ROANOKE TIMES

                         Roanoke Times
                 Copyright (c) 1995, Landmark Communications, Inc.

DATE: WEDNESDAY, January 19, 1994                   TAG: 9401190174
SECTION: VIRGINIA                    PAGE: C1   EDITION: METRO 
SOURCE: The Washington Post
DATELINE: MANASSAS                                LENGTH: Medium


BOBBITT TRIAL NOW BATTLE OF DIAGNOSES

The battle of the psychiatrists got under way in Lorena Bobbitt's trial Tuesday, with doctors for the defense and prosecution giving conflicting views on her mental state at the moment she cut off her sleeping husband's penis.

On one side was the defense's doctor, claiming that Lorena Bobbitt was worn down by an abusive husband and mental disease and finally lost touch with reality after he raped her on June 23.

On the other side was the prosecution's doctor, saying that although the 24-year-old manicurist was raped, beaten and mentally ill, she knew what she was doing when she mutilated her husband.

"She attacked the weapon which was the instrument of her torture - that is, her husband's penis," said Susan Feister, who anchored the defense team's contention that Bobbitt suffered from temporary insanity - an irresistible impulse - when she took the 12-inch kitchen knife to her husband.

"I don't believe she had control over her actions," Feister said.

But the prosecution's psychiatrist, Miller Ryans, characterized the action as "not an irresistible impulse, but an impulse that she did not resist."

"When she stood at the foot of the bed, thinking about all these bad things her husband had done to her, at that moment she had a choice to make," Ryans said. "She could either complete the act, or back off and leave. She chose to amputate the penis."

Both psychiatrists agreed that Lorena Bobbitt remains a sick woman, troubled to this day by depression and a post-traumatic stress disorder resulting from her four-year marriage to John Wayne Bobbitt. The 26-year-old former bar bouncer was acquitted of marital sexual assault in the same Manassas courthouse two months ago and has denied his wife's allegations.

The medical views dominated the fifth day of Lorena Bobbitt's trial on a charge of malicious wounding, which carries a possible 20-year prison term. Although Tuesday's dry, technical psychiatric discourse lacked the emotional punch of Lorena Bobbitt's tearful testimony last week, the doctors could emerge as the pivotal witnesses when the jury of seven women and five men begins deliberations.

The case could go to the jury today, weather permitting.

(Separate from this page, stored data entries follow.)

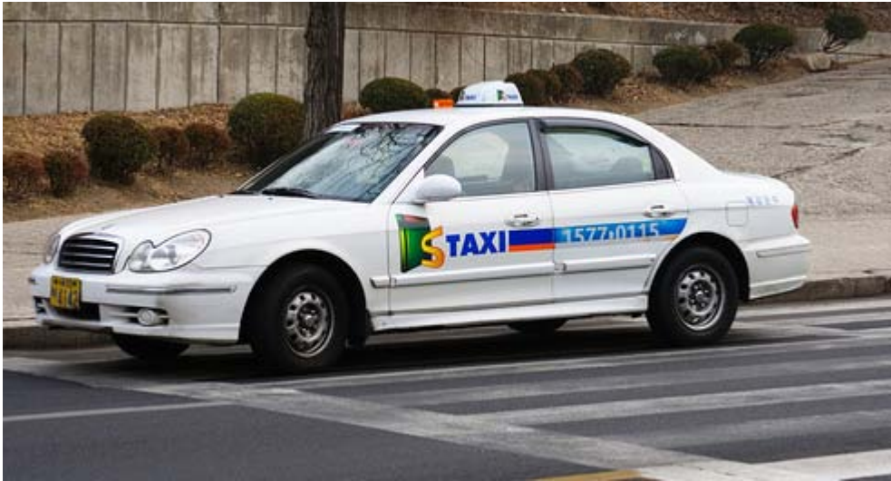
(The appearance of a regular taxi.)
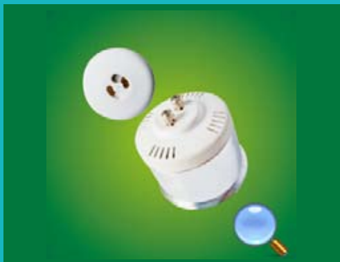
Light Source: TC: GU10

Located by the West Lake, Tiger Electron & Electric has a 15,000 square-meter factory and 300 workers, integrating R&D, production, and sales of compact electronic energy-saving lamps, with annual production of lamps totaling 30 million, annual exports valued hundreds of million RMBs. Our products are exported to Europe, the America, Africa, and Asia.
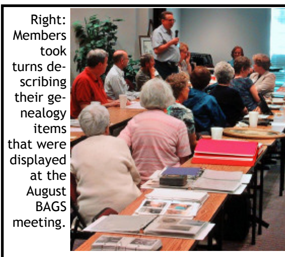
Right: Members took turns describing their genealogy items that were displayed at the August BAGS meeting.

Saturday, November 15, 2003: Clayton Library Annual meeting at the Tracy Gee Community Center, 3599 Westcenter Drive, Houston. Start time: 10:00am (one block east of Beltway 8 between Richmond Avenue and Westpark Drive). http://www.hpl.lib.tx.us/clayton/clf.html
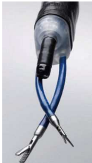
Figure 6. Direct Drive Endoscopic System (DDES), S Shaik et al. 2010

third point is to monitor ETCO 2 [66], (figure 7). For other NOTES accesses, transnasal intubation is not necessary. Anaesthetic technique can be different from laparoscopic surgery. The effect of pneumoperitoneum may be not different; both techniques will have pneumoperitoneum if it is abdominal NOTES procedure. POEM procedure, for example, does not need pneumoperitoneum [67, 68]. Any patient that cannot tolerate pneumoperitoneum because of cardiopulmonary disease is not a candidate for NOTES procedure. Cardiorespiratory physiology is affected by laparoscopic procedure mainly because of pneumoperitoneum. However, the non-inferiority of NOTES compared to the laparoscopy is demonstrated from reported studies, although the evidence is limited by a number of researches [69]. When administering anaesthetic care to a patient undergoing NOTES, anaesthesiologists should closely monitor the patient's position as well as ETCO 2 to minimise the incidence of mediastinal emphysema and pneumomediastinum and to ensure early detection of pneumoperitoneum-related respiratory and hemodynamic changes [70].
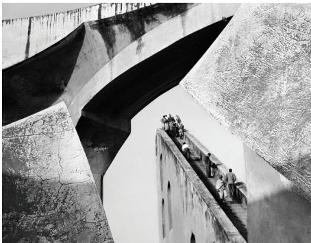
Lucien Hervé, Observatoire, Delhi, Inde, 1955

at the jeu de paume - château de tours : lucien hervé, 'the geometry of light', 18.11.2017 - 27.05.2018
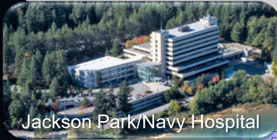
Jackson Park/Navy Hospital
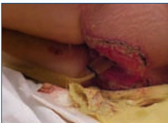
Day 1 with Flexi-Seal ® FMS 3
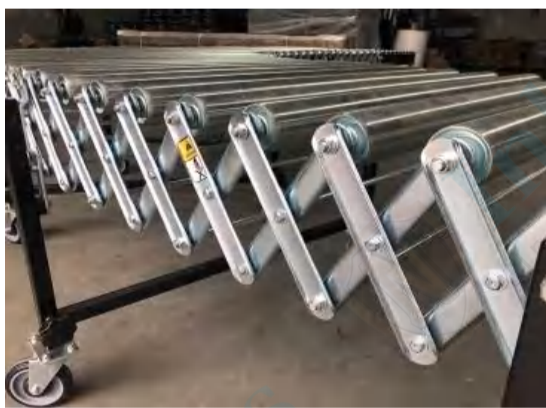
Curved galvanized flexible steel frame
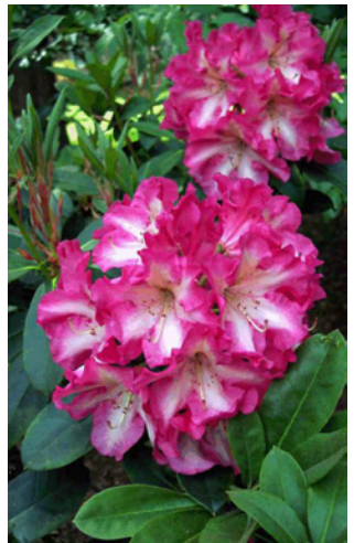
R. 'Consolini's Windmill'.
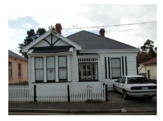
Description: A single storey weatherboard Federation style cottage. The cottage is asymmetrical in plan, and is one of a group of similar residences located on the northern side of Queen Street.
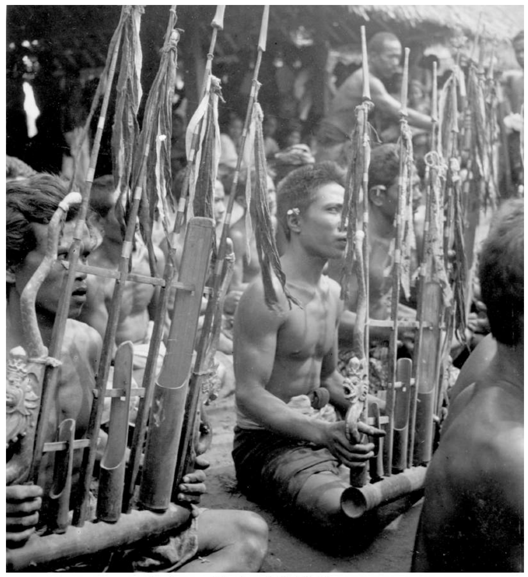
Bamboo angklung kocok of Culik, Karangasem

is interesting how suling are given freedom to deviate from fixed pitches. However, the suling on this rendition goes beyond the norm into the realm of béro , which in vocal music is often prized and appreciated as a display of subtlety when performed with that intention. It is more likely the suling player did not bring his regular flute to the recording session and took a while to adjust to the tuning of the gamelan .

Tuesday, five jurors had to be ferried to court by sheriff's deputies because of icy roads.

Feister, medical director of the Psychiatric Institute of Washington, said Lorena Bobbitt is a classic example of a battered wife, weakened by years of beatings, rapes and threats from a husband she both loved and feared.

The psychiatrist testified that Lorena Bobbitt was afraid to leave her husband because he had told her "he would find her no matter where she was and have sex with her any time he wanted, anywhere he wanted and any way he wanted."

Notwithstanding that, Feister said, Lorena Bobbitt "continued to maintain and hold on to a hope that things would get better."

Based on interviews conducted in the last several months, she diagnosed Bobbitt as suffering from three major mental illnesses last June: depression, post-traumatic stress disorder and a panic disorder. Her symptoms included disturbing dreams, a death wish and feelings of worthlessness, along with physical reactions such as shaking and shortness of breath.

Feister said that when John Bobbitt attacked his wife on June 23, it unleashed a brief psychotic episode over which Lorena Bobbitt had no control.

She said Lorena Bobbitt, who has a "borderline normal" IQ of 83, "may appear well put-together, [but] she's a very fragile individual."

Although Lorena Bobbitt now says she has no recollection of the cutting, Feister said "partial amnesia" is not uncommon among trauma victims.

Ryans was part of a three-doctor team from Central State Hospital in Petersburg that examined Bobbitt for prosecutors last month.

While the doctors concluded that she had been raped by her husband June 23, Ryans said, "there was no evidence she was out of touch with reality or experiencing any delusions" when she attacked her husband.

"She was well aware of what was going on," he said, noting that she was able to tell police where to look for the severed penis, which she had thrown into a field as she drove from the couple's apartment, just outside Manassas. The organ was recovered and reattached.